:: PROBLEM TO WORK ON ::
The records underneath are to be repeated exactly, with the pictures left out.

Records from a collection:
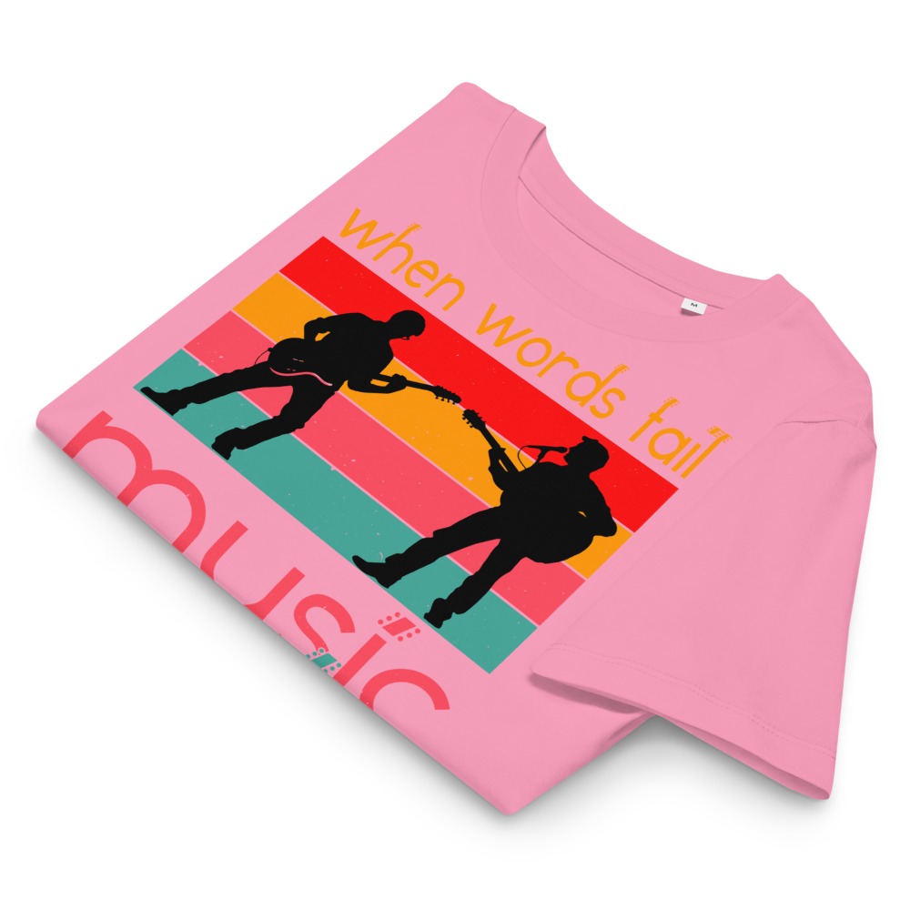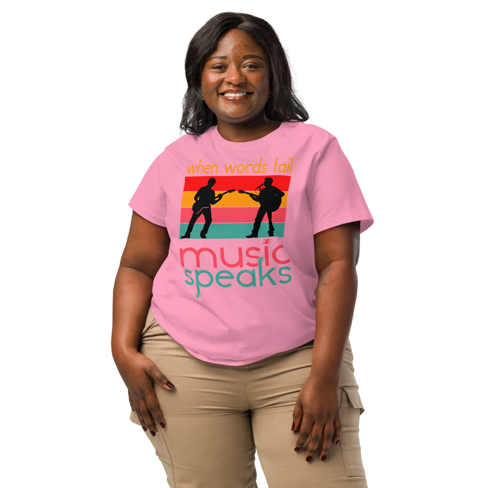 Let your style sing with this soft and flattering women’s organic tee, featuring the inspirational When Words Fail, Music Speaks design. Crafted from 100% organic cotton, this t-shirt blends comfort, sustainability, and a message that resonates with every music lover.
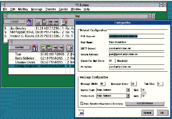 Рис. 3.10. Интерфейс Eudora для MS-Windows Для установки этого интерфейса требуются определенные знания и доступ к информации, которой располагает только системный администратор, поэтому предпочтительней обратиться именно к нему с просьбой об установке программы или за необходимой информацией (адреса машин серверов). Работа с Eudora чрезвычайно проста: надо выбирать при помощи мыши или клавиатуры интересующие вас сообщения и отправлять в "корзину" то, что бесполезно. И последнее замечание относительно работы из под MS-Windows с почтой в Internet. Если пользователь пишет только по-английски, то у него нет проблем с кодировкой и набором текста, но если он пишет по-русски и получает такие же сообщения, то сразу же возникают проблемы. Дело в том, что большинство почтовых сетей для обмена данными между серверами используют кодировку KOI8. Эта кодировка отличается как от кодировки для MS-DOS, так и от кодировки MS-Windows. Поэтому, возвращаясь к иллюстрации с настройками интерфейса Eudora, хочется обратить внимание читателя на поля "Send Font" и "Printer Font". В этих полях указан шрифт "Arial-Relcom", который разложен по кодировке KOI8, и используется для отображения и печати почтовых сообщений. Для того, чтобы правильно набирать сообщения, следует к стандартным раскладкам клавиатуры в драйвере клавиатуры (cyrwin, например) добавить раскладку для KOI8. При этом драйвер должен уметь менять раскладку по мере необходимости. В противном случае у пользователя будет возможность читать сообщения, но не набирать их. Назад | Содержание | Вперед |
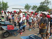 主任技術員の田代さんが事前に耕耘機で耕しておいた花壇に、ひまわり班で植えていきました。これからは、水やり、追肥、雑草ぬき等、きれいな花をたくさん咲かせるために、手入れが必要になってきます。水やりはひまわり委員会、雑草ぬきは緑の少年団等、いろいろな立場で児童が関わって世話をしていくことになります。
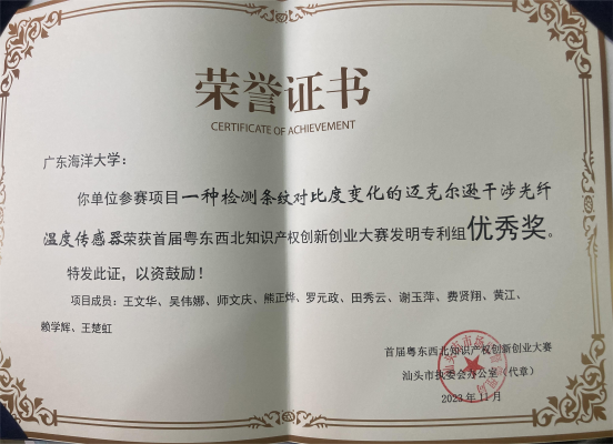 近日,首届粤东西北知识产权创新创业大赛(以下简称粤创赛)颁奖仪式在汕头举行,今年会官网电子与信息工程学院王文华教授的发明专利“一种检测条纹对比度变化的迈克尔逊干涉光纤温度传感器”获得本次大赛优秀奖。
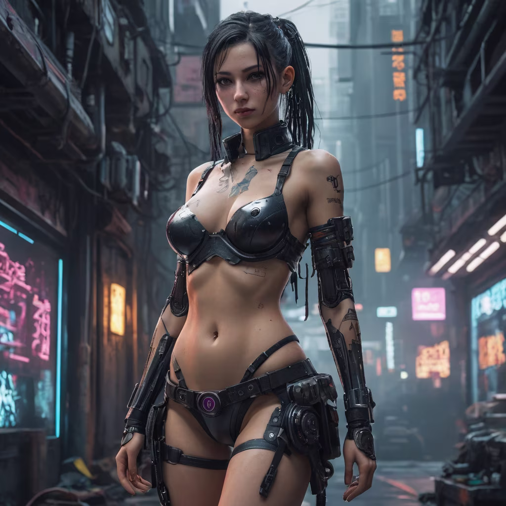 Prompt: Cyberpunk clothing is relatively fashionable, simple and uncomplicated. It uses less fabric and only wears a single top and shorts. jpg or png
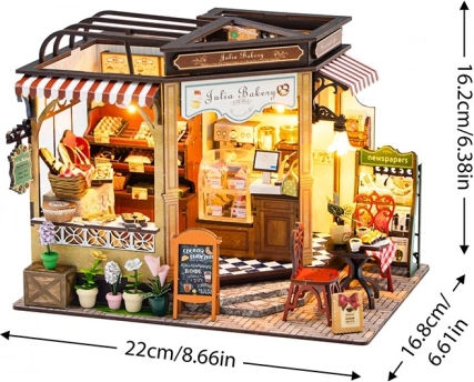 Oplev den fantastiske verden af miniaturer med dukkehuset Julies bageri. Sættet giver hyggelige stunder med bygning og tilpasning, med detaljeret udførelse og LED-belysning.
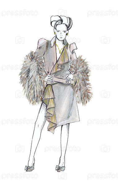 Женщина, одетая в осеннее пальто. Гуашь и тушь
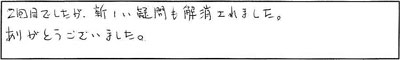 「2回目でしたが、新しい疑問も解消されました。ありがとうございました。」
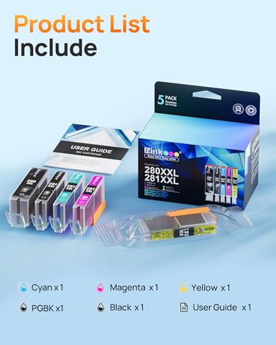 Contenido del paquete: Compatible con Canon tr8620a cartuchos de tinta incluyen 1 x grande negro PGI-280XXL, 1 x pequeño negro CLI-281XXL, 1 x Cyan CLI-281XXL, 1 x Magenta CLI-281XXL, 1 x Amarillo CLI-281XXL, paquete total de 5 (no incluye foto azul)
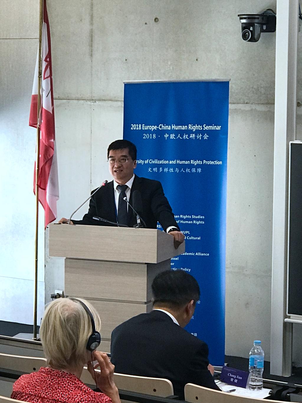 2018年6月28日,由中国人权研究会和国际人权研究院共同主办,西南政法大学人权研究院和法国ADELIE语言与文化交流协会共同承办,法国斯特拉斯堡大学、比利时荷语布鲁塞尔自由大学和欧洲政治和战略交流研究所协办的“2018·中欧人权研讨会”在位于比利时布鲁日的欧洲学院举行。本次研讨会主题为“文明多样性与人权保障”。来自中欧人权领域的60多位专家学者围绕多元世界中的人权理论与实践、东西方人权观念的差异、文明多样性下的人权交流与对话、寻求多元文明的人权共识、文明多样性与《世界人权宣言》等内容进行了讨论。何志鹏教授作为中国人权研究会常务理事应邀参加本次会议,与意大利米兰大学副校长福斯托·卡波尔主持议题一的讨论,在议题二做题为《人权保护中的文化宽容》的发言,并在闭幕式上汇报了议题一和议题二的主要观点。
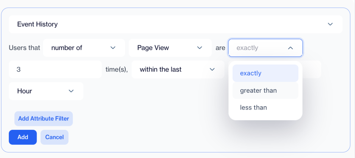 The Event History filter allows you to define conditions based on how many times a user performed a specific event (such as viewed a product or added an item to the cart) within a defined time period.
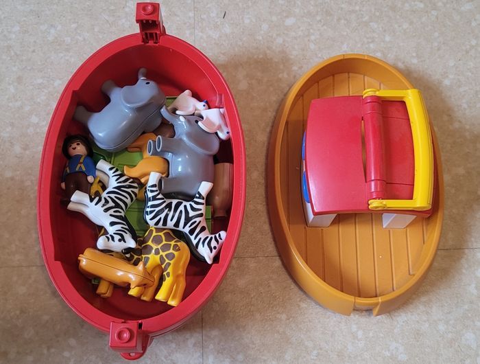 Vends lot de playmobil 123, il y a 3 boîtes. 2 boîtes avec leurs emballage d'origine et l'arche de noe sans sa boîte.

:: WRITTEN ANSWER ::
 Let your style sing with this soft and flattering women’s organic tee, featuring the inspirational When Words Fail, Music Speaks design. Crafted from 100% organic cotton, this t-shirt blends comfort, sustainability, and a message that resonates with every music lover.
 Рис. 3.10. Интерфейс Eudora для MS-Windows Для установки этого интерфейса требуются определенные знания и доступ к информации, которой располагает только системный администратор, поэтому предпочтительней обратиться именно к нему с просьбой об установке программы или за необходимой информацией (адреса машин серверов). Работа с Eudora чрезвычайно проста: надо выбирать при помощи мыши или клавиатуры интересующие вас сообщения и отправлять в "корзину" то, что бесполезно. И последнее замечание относительно работы из под MS-Windows с почтой в Internet. Если пользователь пишет только по-английски, то у него нет проблем с кодировкой и набором текста, но если он пишет по-русски и получает такие же сообщения, то сразу же возникают проблемы. Дело в том, что большинство почтовых сетей для обмена данными между серверами используют кодировку KOI8. Эта кодировка отличается как от кодировки для MS-DOS, так и от кодировки MS-Windows. Поэтому, возвращаясь к иллюстрации с настройками интерфейса Eudora, хочется обратить внимание читателя на поля "Send Font" и "Printer Font". В этих полях указан шрифт "Arial-Relcom", который разложен по кодировке KOI8, и используется для отображения и печати почтовых сообщений. Для того, чтобы правильно набирать сообщения, следует к стандартным раскладкам клавиатуры в драйвере клавиатуры (cyrwin, например) добавить раскладку для KOI8. При этом драйвер должен уметь менять раскладку по мере необходимости. В противном случае у пользователя будет возможность читать сообщения, но не набирать их. Назад | Содержание | Вперед |
 主任技術員の田代さんが事前に耕耘機で耕しておいた花壇に、ひまわり班で植えていきました。これからは、水やり、追肥、雑草ぬき等、きれいな花をたくさん咲かせるために、手入れが必要になってきます。水やりはひまわり委員会、雑草ぬきは緑の少年団等、いろいろな立場で児童が関わって世話をしていくことになります。
 近日,首届粤东西北知识产权创新创业大赛(以下简称粤创赛)颁奖仪式在汕头举行,今年会官网电子与信息工程学院王文华教授的发明专利“一种检测条纹对比度变化的迈克尔逊干涉光纤温度传感器”获得本次大赛优秀奖。
 Prompt: Cyberpunk clothing is relatively fashionable, simple and uncomplicated. It uses less fabric and only wears a single top and shorts. jpg or png
 Oplev den fantastiske verden af miniaturer med dukkehuset Julies bageri. Sættet giver hyggelige stunder med bygning og tilpasning, med detaljeret udførelse og LED-belysning.
 Женщина, одетая в осеннее пальто. Гуашь и тушь
 「2回目でしたが、新しい疑問も解消されました。ありがとうございました。」
 Contenido del paquete: Compatible con Canon tr8620a cartuchos de tinta incluyen 1 x grande negro PGI-280XXL, 1 x pequeño negro CLI-281XXL, 1 x Cyan CLI-281XXL, 1 x Magenta CLI-281XXL, 1 x Amarillo CLI-281XXL, paquete total de 5 (no incluye foto azul)
 2018年6月28日,由中国人权研究会和国际人权研究院共同主办,西南政法大学人权研究院和法国ADELIE语言与文化交流协会共同承办,法国斯特拉斯堡大学、比利时荷语布鲁塞尔自由大学和欧洲政治和战略交流研究所协办的“2018·中欧人权研讨会”在位于比利时布鲁日的欧洲学院举行。本次研讨会主题为“文明多样性与人权保障”。来自中欧人权领域的60多位专家学者围绕多元世界中的人权理论与实践、东西方人权观念的差异、文明多样性下的人权交流与对话、寻求多元文明的人权共识、文明多样性与《世界人权宣言》等内容进行了讨论。何志鹏教授作为中国人权研究会常务理事应邀参加本次会议,与意大利米兰大学副校长福斯托·卡波尔主持议题一的讨论,在议题二做题为《人权保护中的文化宽容》的发言,并在闭幕式上汇报了议题一和议题二的主要观点。
 The Event History filter allows you to define conditions based on how many times a user performed a specific event (such as viewed a product or added an item to the cart) within a defined time period.
 Vends lot de playmobil 123, il y a 3 boîtes. 2 boîtes avec leurs emballage d'origine et l'arche de noe sans sa boîte.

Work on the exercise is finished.